The only thing that stands out to me is your use of a silent "catch-all" try block:

try:
    retry = browser.find_element_by_link_text('Try again')

except: # Big problem here
    continue

else:
    retry.click()

You're catching every exception, and simply ignoring them. In this particular case the ramifications aren't huge. Say in the future though you add a second function to do some processing and decide to put it in the try (for whatever reason). Something like:

try:
    retry = browser.find_element_by_link_text('Try again')
    do_something_with_retry(retry) # This throws. Would you ever know that though?

except:
    continue

else:
    retry.click()

And lets say that do_something_with_retry is improperly tested, or some unforeseen circumstance comes up, and suddenly do_something_with_retry starts throwing exceptions. Would you ever even know that there was an exception thrown? How would you debug your code failing in that case? It would be much better to be specific about what you need to catch, and deal with that only. As you can see in the API documentation, find_element_by_link_text is documented to throw a NoSuchElementException if something fails. Catch that instead, so irrelevant errors aren't silently ignored as well:

try:
    retry = browser.find_element_by_link_text('Try again')
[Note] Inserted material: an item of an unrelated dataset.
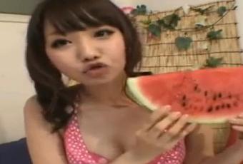 La goulue japonaise en bikini, et sa grosse pastèque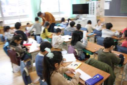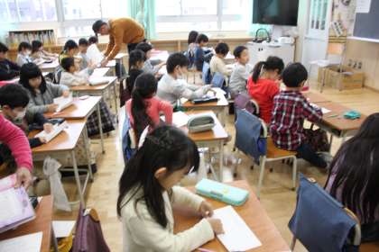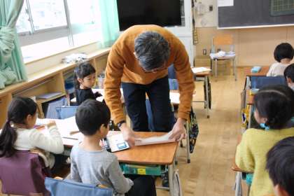 お手本を見やすくするために、先生の言うように折りたたみます。

except NoSuchElementException as e: # Be specific!
    continue

else:
    retry.click()

Now anything other than a NoSuchElementException will cause your program to crash. This is a good thing though. You don't want fundamentally broken code to run.

Don't make your code vulnerable to silly mistakes that may happen in the future. Silly mistakes happen (like improperly tested functions). It's best that they fail catastrophically so they can be detected and fixed.

Of course though, the better option to handling the addition of do_something_with_retry would be, if possible, to just not group it in the try in the first place. Again though, mistakes happen.


As for

Currently it takes alot of tries to get a high score for the bot. Can the logic be improved?

That involves writing up an AI to play the game, and is no small feat. That would be beyond the scope of a Code Review unfortunately.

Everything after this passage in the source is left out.